Most service based indicators are incomplete, as data from the independent healthcare sector are missing.
Geographical monitoring is useful, as data can then be interpreted in the context of the strategic roles of strategic health authorities, the commissioning roles of primary care organisations, and local demographic and socioeconomic conditions. Local conditions may explain (although should not justify) poorer outcomes if there are known effective interventions. We found variations (some statistically significant) both between and within the area groups created by the Office for National Statistics for grouping healthcare organisations that are most similar in terms of a range of demographic and socioeconomic conditions. Significant variation within these groups probably reflects influences other than demography and socioeconomic conditions, such as quality of health care.
, http://www.100md.com
Summary points
More rigorous analysis of existing routine clinical data would allow assessment of NHS performance across a wide range of services
Examples of such performance indicators include mental health care, potentially avoidable deaths, and forecasting coronary heart disease outcomes
Various assumptions and technical issues need discussion and debate—that is, the selection of indicators and targets, methods, interpretation of data, and application in productivity measurement
, 百拇医药
Application in productivity assessment
Practical ways need to be found to incorporate multiple indicators in productivity assessment: they may overlap or interact; some may be more important or relevant than others and may need to be weighted; some may reflect mismatching performance for a given time (see the above discussion on stroke). Techniques for dealing with these issues, such as weighted scores, profiles, etc, are beyond the scope of our two articles but need consideration.
, http://www.100md.com
High levels of activity in treatment, rehabilitation, and long term care may show desirable high productivity and improvement, but would be considered an undesirable or negative output of preventive activity for a preventable condition such as stroke.
A cross sectional approach does not take account of sequentially linked events over time, such as patients with myocardial infarction having further infarcts in due course.

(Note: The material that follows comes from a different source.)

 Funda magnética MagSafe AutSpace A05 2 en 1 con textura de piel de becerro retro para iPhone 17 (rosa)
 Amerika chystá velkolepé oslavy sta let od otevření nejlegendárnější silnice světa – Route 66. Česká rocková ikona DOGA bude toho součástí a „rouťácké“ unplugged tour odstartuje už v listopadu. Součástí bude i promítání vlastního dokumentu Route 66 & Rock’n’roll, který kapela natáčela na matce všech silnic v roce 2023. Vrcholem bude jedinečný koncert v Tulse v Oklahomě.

Reality is even more complex than the approach taken here, and this should be acknowledged explicitly in any output to avoid sweeping simplistic generalisations during interpretation.
, http://www.100md.com
Conclusions
We have shown the feasibility of a variety of ways of measuring health related outputs and outcomes. Data from initiatives such as the new mental health minimum dataset and the new general practice contract should lead to better measurement. Any assessment of productivity requires careful matching of outcomes to the inputs used to achieve them, and this brings in a separate set of issues and assumptions that are beyond the scope of our articles.
, http://www.100md.com
Extra technical details of the methods described appear on bmj.com
AL's contributions to the study were made within his role at the Oxford branch of the National Centre for Health Outcomes Development, based at Oxford University, Headington, Oxford.

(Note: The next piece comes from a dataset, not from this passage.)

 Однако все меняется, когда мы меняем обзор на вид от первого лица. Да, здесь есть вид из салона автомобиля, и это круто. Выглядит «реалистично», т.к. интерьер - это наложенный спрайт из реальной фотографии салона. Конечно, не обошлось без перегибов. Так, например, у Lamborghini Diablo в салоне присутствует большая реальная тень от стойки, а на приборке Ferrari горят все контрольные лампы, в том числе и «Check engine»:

Contributors: AL conceived of the study, drafted the article, and produced the hospital episode statistics based indicators. JC helped draft the article and produced the mental health indicators. DE helped draft the article and produced the population mortality indicators. CSp analysed hospital episode statistics data. CSa helped draft the article and produced the forecastingmodels. Lee Mellers helped analyse the hospital episode statistics data. Bernard Rachet contributed information on the forecasting models (cancer survival). David Rudrum provided editorial support. AL is guarantor for the study.
, 百拇医药
Competing interests: All authors are involved in the work of the National Centre for Health Outcomes Development, either directly or via subcontracts. The centre is funded by the Department of Health and commissioned by it and the Healthcare Commission to develop and produce clinical and health indicators for them and the NHS. The views expressed here are those of the authors and not necessarily of the commissioners.
Ethical approval: Not needed.
, 百拇医药
References
Smith R. Is the NHS getting better or worse [editorial] BMJ 2003;327: 1239-41.

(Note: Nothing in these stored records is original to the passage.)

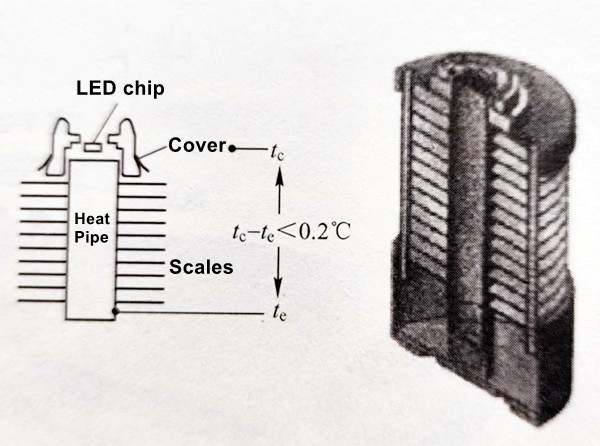 LED chips are typically directly mounted on top of the heat-absorbing section of the heat pipe, as shown in Figure 7-24. When the heat-absorbing section of the heat pipe is heated, the liquid in the capillary quickly evaporates, and the vapor flows to the other end of the heat pipe, where it releases heat at a slightly lower pressure. It then condenses back into a liquid, which returns to the evaporator section through the action of the porous material capillary. This cycle continues, continually conducting heat away. Adding many metal fins to the heat pipe can enhance convective heat dissipation to the surrounding air.
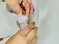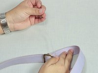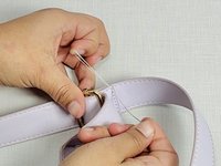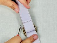 Locate the thread on the strap holding the metal clasp together.
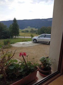 Séjour de vacances dans une vieille ferme comtoise, près de la frontière suisse. La journée fut torride, 30°. Le soir venu, nous cherchons la fraîche, à l’ombre devant la demeure. Sur le pré : une table et quelques chaises qui invitent à ce moment de repos. Une agréable petite brise vient nous rafraîchir. Le feuilles du bouleau bruissent gaiement. Les alpages sont encore inondés d’un soleil généreux.

Department of Health. Chief executive's report to the NHS. London: DoH, 2004.
Atkinson A. Atkinson review: interim report-measurement of government output and productivity for the national accounts. London: Stationery Office, 2004.
Rudd A, Goldacre M, Amess M, Fletcher J, Wilkinson E, Mason A, et al, eds. Health outcome indicators: stroke. Report of a working group to the Department of Health. Oxford: National Centre for Health Outcomes Development, 1999.
, http://www.100md.com
Lakhani A. Assessment of clinical and health outcomes within the National Health Service in England. In: Leadbeter D, ed. Harnessing official statistics. Abingdon: Radcliffe Medical Press, 2000.
Lakhani A, Coles J, Eayres D, Spence C, Rachet B. Creative use of existing clinical and health outcomes data to assess NHS performance in England: Part 1—performance indicators closely linked to clinical care. BMJ 2005;330: 1426-31.
Lakhani A, Olearnik H, Eayres D, eds. Compendium of clinical and health indicators. London: Department of Health, National Centre For Health Outcomes Development, 2003.
, 百拇医药
Department of Health. National service framework for mental health: modern standards and service models. London: DoH, 1999.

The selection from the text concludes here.